Vilnius and Kaunas are tertiary care centers and trauma centers.

Gallbladder / Biliary Disease – Tim Price MD

30s Male with 4 days of abdominal pain. Pain is consistent and has been steadily worsening. Described as a dull pain. Located in the upper abdomen. If he lays on his back and holds his hands up, his pain is relieved. Has had regular bowel movements but has some nausea a small amount of emesis 3 days ago, as well as decreased appetite. Denies fevers or chills. Has taken hydrocodone which did help somewhat. Denies dysuria.

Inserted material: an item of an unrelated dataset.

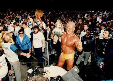 Hulk Hogan makes his entrance during WrestleMania 6 at the SkyDome on April 1, 1990 in Toronto, Ontario. (Photo by WWE/WWE via Getty Images)

Differential: Cholecystitis, Choledocolithiasis, Biliary colic, Pancreatitis, Pyelonephritis, Nephrolithiasis, Hepatitis, ACS, Gastroenteritis, AAA, Cannabis hyperemesis

Labs: Elevated tbili on labs. Normal leukocyte count with neutrophil predominance

POCUS Gallbladder US: Gallstone present without pericholecystic fluid. No anterior gallbladder wall thickening. +Sonographic murphy sign.